Mata Adnan membulat sempurna melihat bayi mungil yang diselimuti kain sedang digendong Emak.

Wati membalik tubuhnya ke arah Emak lalu mengambil Jelita untuk ia gendong.

"Sh...sh...sh..." Wati menimang putrinya berusaha menenangkan Jelita yang terus saja menangis. Ia masuk ke dalam untuk menyusui Jelita tanpa mempedulikan keberadaan Adnan dan istrinya. Baginya Jelita lah yang terpenting.

Emak melihat dua orang di hadapannya yang menatap Wati dengan penuh rasa ingin tahu.

"Kalian siapa?"

"Saya Adnan,"

Mendengar nama Adnan disebut, emosi Emak seketika itu juga naik. "Pergi kamu dari sini!"

"Saya ingin minta maaf, saya punya banyak kesalahan pada Wati dan putri kami."
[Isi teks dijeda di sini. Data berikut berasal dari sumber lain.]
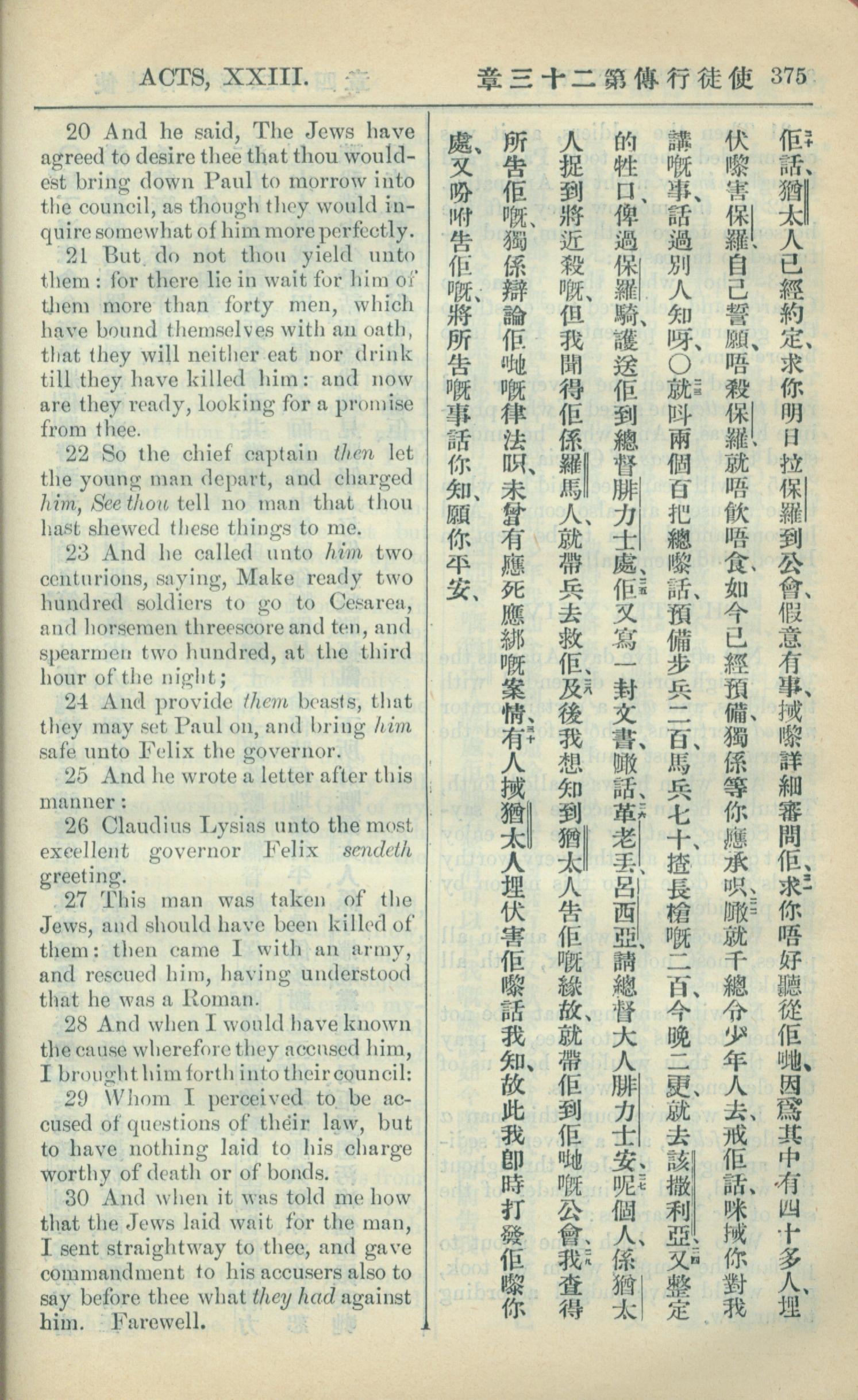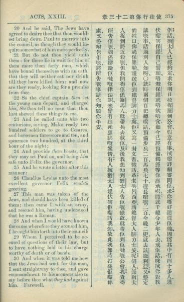 1909年中西字新约全书 使徒行传 23 章 20 节到 23 章 30 节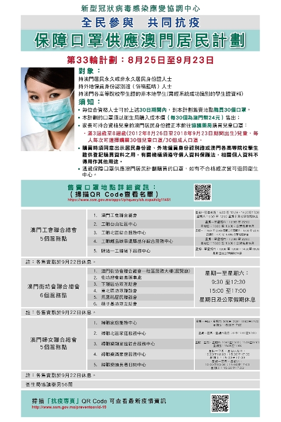 新型冠狀病毒感染應變協調中心今(23)日公佈,第33輪保障口罩供應澳門居民計劃(下稱“口罩計劃”)於周三(25日)開始,售賣期間為30日,即2021年8月25日至9月23日,期間每人可一次性購買30個口罩,售價合共24澳門元。衛生局協議藥房、本澳3個社團(工聯、街總、婦聯)繼續提供售賣口罩服務,即全澳共有72個售賣點,服務時間詳見附圖。透過口罩計劃購買的口罩,如有不合格或次貨可退回衛生中心。

"Putri kamu? Gak malu kamu dulu gak mau ngakuin sekarang tiba-tiba datang!"

"Saya ingin minta maaf dan memperbaiki semua,"

"Kamu sudah minta maaf kan? Sekarang pergi!" usir Emak dengan tegas.

Tangis Jelita terdengar makin keras. Wati membawa Jelita keluar.

"Mak, Jelita gak mau nyusu. Kenapa ya nangis mulu? Badannya juga gak panas."

Adnan mendengar ucapan Wati pada ibunya. " Biar aku gendong dia," pinta Adnan.

"Gak!" tolak Wati tegas diantara tangis Jelita yang makin keras.

"Mba, siapa tahu dia mau digendong ayahnya." Anggita bersuara.

"Gak, gak boleh!"

"Wati please, kasi aku kesempatan,"

Wati menatap Jelita yang tak berhenti menangis, rasa keibuannya tak tega melihat hal itu. Ia menoleh ke arah Emak, meminta izin. Emak akhirnya mengangguk.

Adnan mendekat mengulurkan tangannya untuk menggendong Jelita. Begitu Jelita ada di gendongan Adnan, tangisnya berhenti.